Ahh that makes sense then. Yeah it would be best to get them onto something less sugary. TBH I'm thinking of changing the good doer down to something with less sugar as it's not all that low (even though it's labelled as a good doer) but I've only just changed his supplement so don't like to change too much at once!

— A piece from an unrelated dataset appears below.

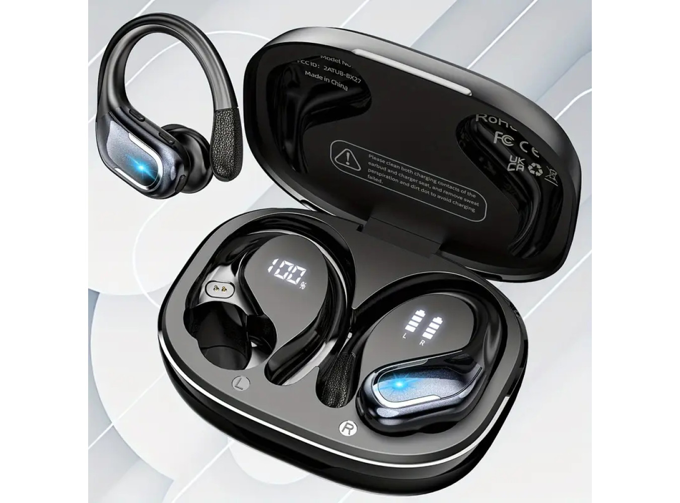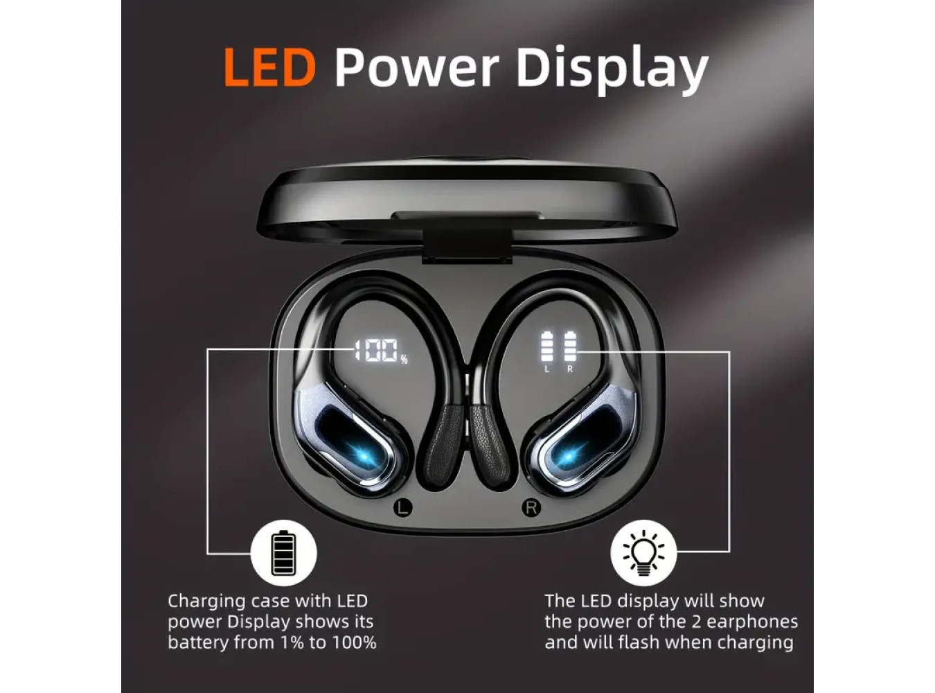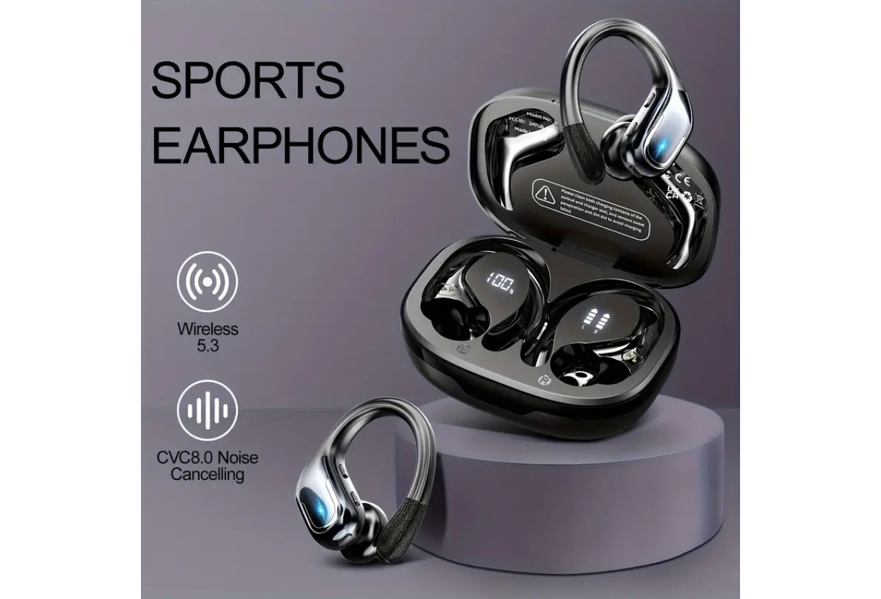 This is Brand New wireless earbuds combine stylish design and powerful audio performance tailored for active lifestyles. Featuring a dual-LED display on the charging case, they provide clear battery status at a glance for both earbuds and case. The secure earhook design ensures the earbuds stay firmly in place during running, sports, or gym workouts, delivering stable comfort without falling out.
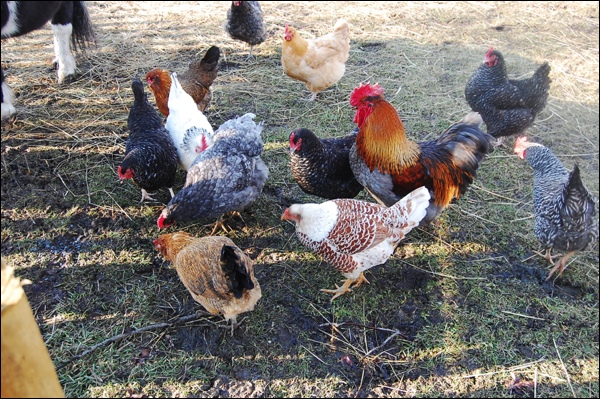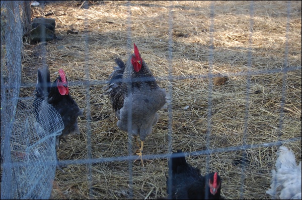 The five banties were fine with the move and have settled in nicely. The large free range flock treats them as an amuzing zoo exhibit and they gather around the isolation coop, watching and pecking through the wire at them if given a chance. The banty roos have a lot more to watch and enjoy as they watch Chicken TV all day long with Bucka and his gang coming and going in the big barn. I would let them out, but I think it would really mess up the delicate roo balance of Bucka and Copper, plus I’m worried that our friend the hawk might get the little BB Red roos… as they are still very young and small.

Horse feed is a minefield!


----------



## RachJeremy (Sep 14, 2012)

https://www.instagram.com/rach46773/

Go to the Link, the latest pictures of my colt and filly are on there XD both are rather plump!


----------



## RachJeremy (Sep 14, 2012)

Teddy-dog said:


> Ahh that makes sense then. Yeah it would be best to get them onto something less sugary. TBH I'm thinking of changing the good doer down to something with less sugar as it's not all that low (even though it's labelled as a good doer) but I've only just changed his supplement so don't like to change too much at once!
> 
> Horse feed is a minefield!


It really is! XD you'd of thought it'd be a lot easier to sort out... But no! 
My older horse, is literally on Dodsen and Horrell Safe and Sound, been on it for years now and it works for him... But my filly, Skye won't touch it! >.< Tetley, my colt eats anything put in front of him... So i just give him a token of chaff and pony nuts at the moment so he can have his turmeric. Skye gets a pasture mix and chaff, or nuts and chaff depending on what we have. But i want to have her back on a balancer, and put Tetley on a balancer too. I've had Skye on TopSpec, and she's fine on that, so i might just put them back onto that. :\


----------



## Teddy-dog (Nov 2, 2017)

RachJeremy said:


> https://www.instagram.com/rach46773/
> 
> Go to the Link, the latest pictures of my colt and filly are on there XD both are rather plump!


Ahh they're lovely - and looking very well


----------



## RachJeremy (Sep 14, 2012)

Teddy-dog said:


> Ahh they're lovely - and looking very well


Looking very plump! XD To be fair, the colt has lost a considerable amount of weight since we got him, he came to us resembling a pot-bellied pig ahaha.

Skye just loves her food and is like her mum, just has to look at food and she puts on weight!


----------